### EXERCISE DESCRIPTION
For the records below, print the lines from the line with "Averyn monikäyttötarrat soveltuvat" through the line with "日前,省教育廳印發(fā)《" exactly as written; include both end lines and exclude the rest.

::: DATASET

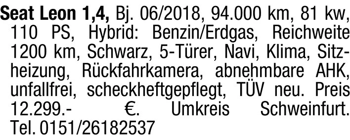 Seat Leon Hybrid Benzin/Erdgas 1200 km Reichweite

::::::
::: DATASET

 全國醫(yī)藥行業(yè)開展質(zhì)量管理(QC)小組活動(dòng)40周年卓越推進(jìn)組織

::::::
::: DATASET

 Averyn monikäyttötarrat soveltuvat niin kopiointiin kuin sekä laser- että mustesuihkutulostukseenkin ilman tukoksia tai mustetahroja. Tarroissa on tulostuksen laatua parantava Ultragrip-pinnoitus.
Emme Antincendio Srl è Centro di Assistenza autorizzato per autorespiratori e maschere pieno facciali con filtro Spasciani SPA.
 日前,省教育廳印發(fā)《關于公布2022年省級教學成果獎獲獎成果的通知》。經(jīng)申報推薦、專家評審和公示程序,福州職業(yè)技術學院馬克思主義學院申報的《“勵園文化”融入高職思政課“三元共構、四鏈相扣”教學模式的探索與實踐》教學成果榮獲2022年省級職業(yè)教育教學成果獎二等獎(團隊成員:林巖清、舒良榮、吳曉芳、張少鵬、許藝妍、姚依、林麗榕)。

::::::

### RESPONSE TO THIS EXERCISE
 Averyn monikäyttötarrat soveltuvat niin kopiointiin kuin sekä laser- että mustesuihkutulostukseenkin ilman tukoksia tai mustetahroja. Tarroissa on tulostuksen laatua parantava Ultragrip-pinnoitus.
Emme Antincendio Srl è Centro di Assistenza autorizzato per autorespiratori e maschere pieno facciali con filtro Spasciani SPA.
 日前,省教育廳印發(fā)《關于公布2022年省級教學成果獎獲獎成果的通知》。經(jīng)申報推薦、專家評審和公示程序,福州職業(yè)技術學院馬克思主義學院申報的《“勵園文化”融入高職思政課“三元共構、四鏈相扣”教學模式的探索與實踐》教學成果榮獲2022年省級職業(yè)教育教學成果獎二等獎(團隊成員:林巖清、舒良榮、吳曉芳、張少鵬、許藝妍、姚依、林麗榕)。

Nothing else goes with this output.